Efficient Caching in Python: From Local to External Solutions

Track:
DevOps, Cloud, Scalable Infrastructure
Type:
Talk
Level:
beginner
Duration:
30 minutes

Abstract

We all know that caching speeds up database queries, but are we aware which caching technique is right for our specific use case? Did we know that even simple, seemingly obvious code can be drastically improved with the right caching strategy? Improper or excessive use of caching can however introduce unnecessary complexity—impacting deployment, performance, scalability, and maintenance.

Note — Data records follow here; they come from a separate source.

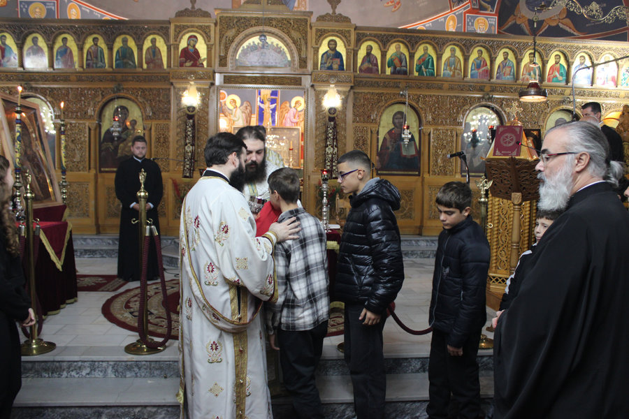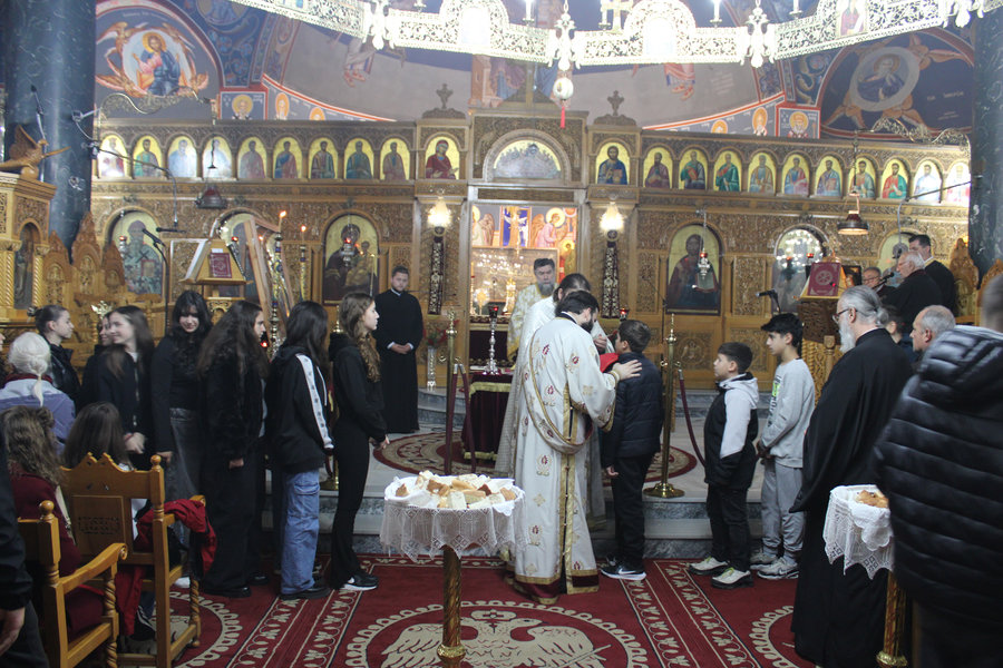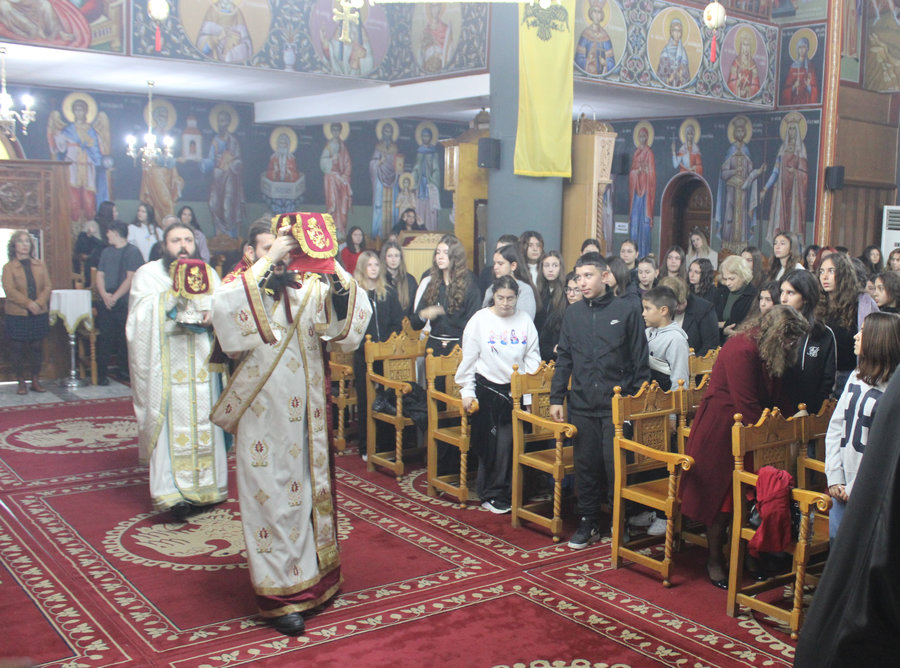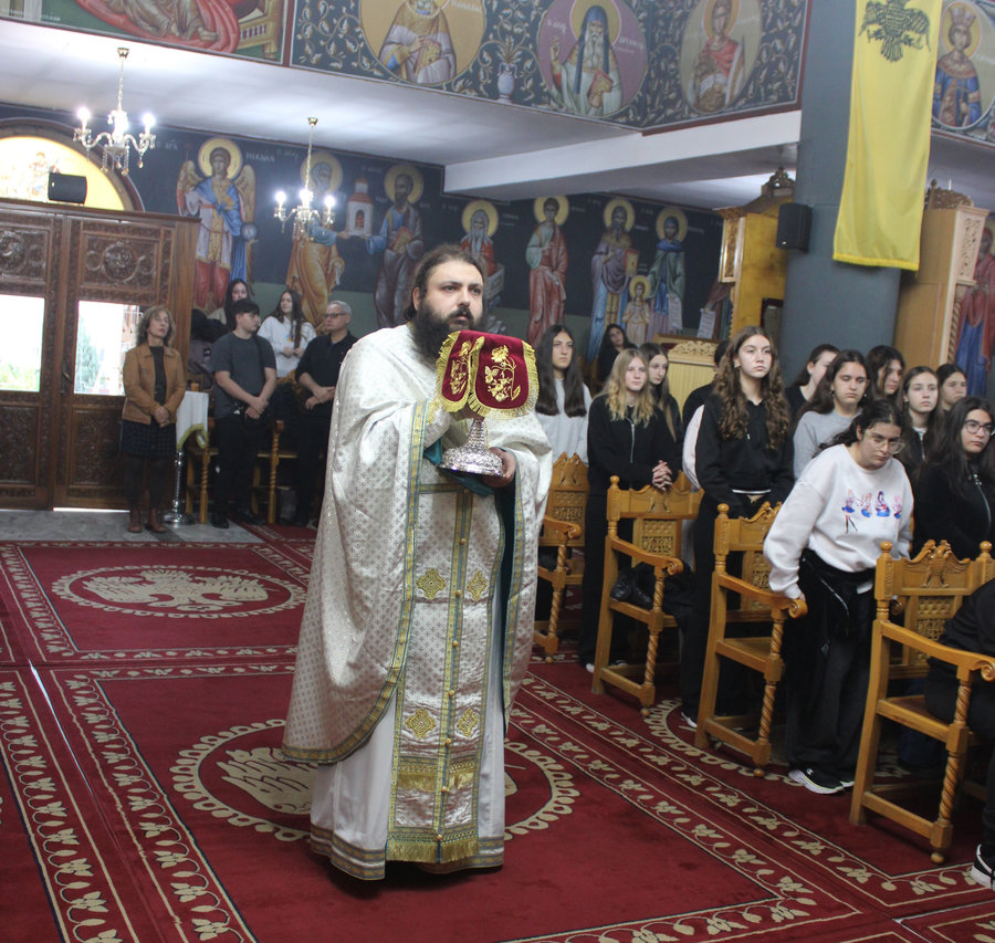 Προϊούσης της θ. Μυσταγωγίας, ο αιδεσιμολ. Πρωτοπρεσβύτερος π. Αναστάσιος Καμπουρίδης, εφημέριος του ιερού Ναού Αγ. Νικήτα Σερρών, υπομνημάτιζε με δυνατό και κατανοητό, θεολογικό λόγο στα παιδιά τα τελούμενα και ανέλυε τον μυστηριακό συμβολισμό τους. Συγκινητική υπήρξε η προσήλωση, αλλά και η βιωματική συμμετοχή των γυμνασιοπαίδων, κατά την διάρκεια της μεταλήψεως των αχράντων μυστηρίων, του Σώματος και του Αίματος του Σωτήρος Χριστού.
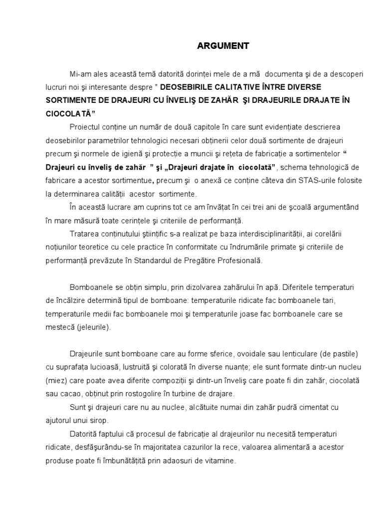 Mi-am ales aceast tem datorit dorinei mele de a m documenta i de a descoperi lucruri noi i interesante despre " DEOSEBIRILE CALITATIVE NTRE DIVERSE SORTIMENTE DE DRAJEURI CU NVELI DE ZAHR I DRAJEURILE DRAJATE N CIOCOLAT Proiectul conine un numr de dou capitole n care sunt evideniate descrierea deosebirilor parametrilor tehnologici necesari obinerii celor dou sortimente de drajeuri precum i normele de igien i protecie a muncii i reeta de fabricaie a sortimentelor Drajeuri cu nveli de zahr i Drajeuri drajate n ciocolat , schema tehnologic de fabricare a acestor sortimentue, precum i o anex ce conine cteva din STAS-urile folosite la determinarea calitii acestor sortimente. n aceast lucrare am cuprins tot ce am nvat n cei trei ani de coal argumentnd n mare msur toate cerinele i criteriile de performan. Tratarea coninutului tiinific s-a realizat pe baza interdisciplinaritii, ai corelrii noiunilor teoretice cu cele practice n conformitate cu ndrumrile primate i criteriile de performan prevzute n Standardul de Pregtire Profesional. Bomboanele se obin simplu, prin dizolvarea zahrului n ap. Diferitele temperaturi de nclzire determin tipul de bomboane: temperaturile ridicate fac bomboanele tari, temperaturile medii fac bomboanele moi i temperaturile joase fac bomboanele care se mestec (jeleurile). Drajeurile sunt bomboane care au forme sferice, ovoidale sau lenticulare (de pastile) cu suprafaa lucioas, lustruit i colorat n diverse nuane; ele sunt formate dintr-un nucleu (miez) care poate avea diferite compoziii i dintr-un nveli care poate fi din zahr, ciocolat sau cacao, obinut prin rostogolire n turbine de drajare. Sunt i drajeuri care nu au nuclee, aIctuite numai din zahr pudr cimentat cu ajutorul unui sirop. Datorit faptului c procesul de fabricaie al drajeurilor nu necesit temperaturi ridicate, desfurndu-se n majoritatea cazurilor la rece, valoarea alimentar a acestor produse poate fi mbuntit prin adaosuri de vitamine.
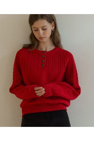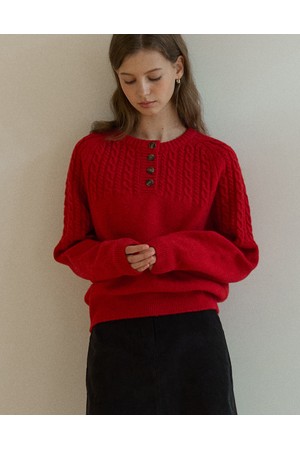 Button Wool Cable Knit - Red
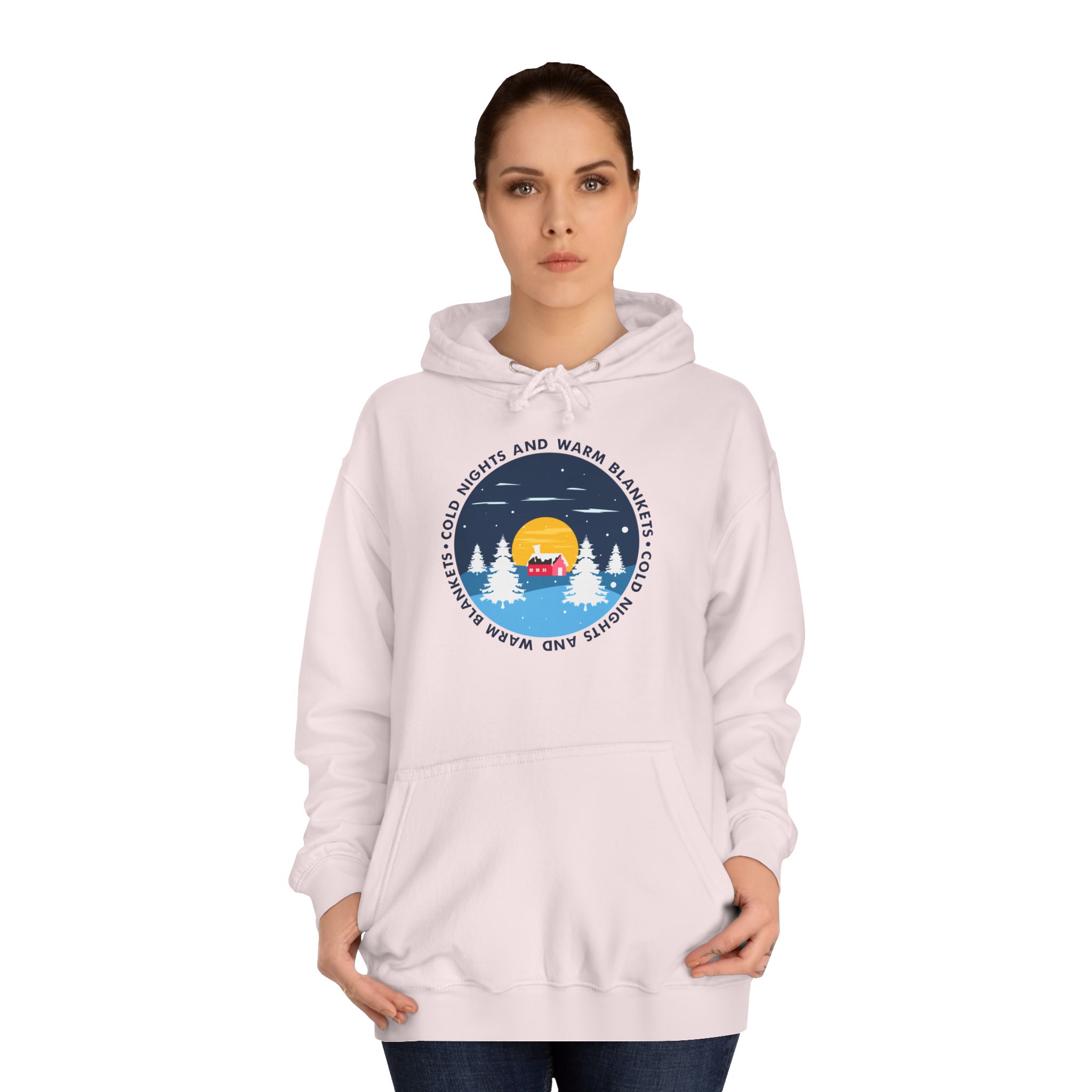 Hoodie — Cozy Winter Camping Graphic “The Mountains Are Calling”

In this talk, we will address these challenges by exploring Python-specific caching strategies and the decision-making process behind transitioning from local in-memory caching to external solutions. We will focus on optimizing applications without over-complicating things.

Starting with a quick introduction on caching fundamentals, we will dive into simple Pythonic ways to leverage local in-memory caching with functools.lru_cache, cachetools, and joblib, and explore how cache warming, expiry, and cache invalidation can really improve performance. After comparing multiple caching strategies, we will discuss external caching and when it’s time to use it. Through a live demo, we’ll see how to set up Redis and integrate it into a Python app to scale up our caching strategy effectively.

Through this talk attendees will:

  • Learn how to implement efficient internal caching using Python’s built-in libraries.
  • Discover practical techniques for cache invalidation, expiry, and cache warming to ensure optimal cache performance.
  • Understand when to scale with Redis (or other external caching solutions) and how to integrate them into Python projects.
  • Be equipped to choose the right caching strategy for different use cases, ensuring faster and more scalable Python applications.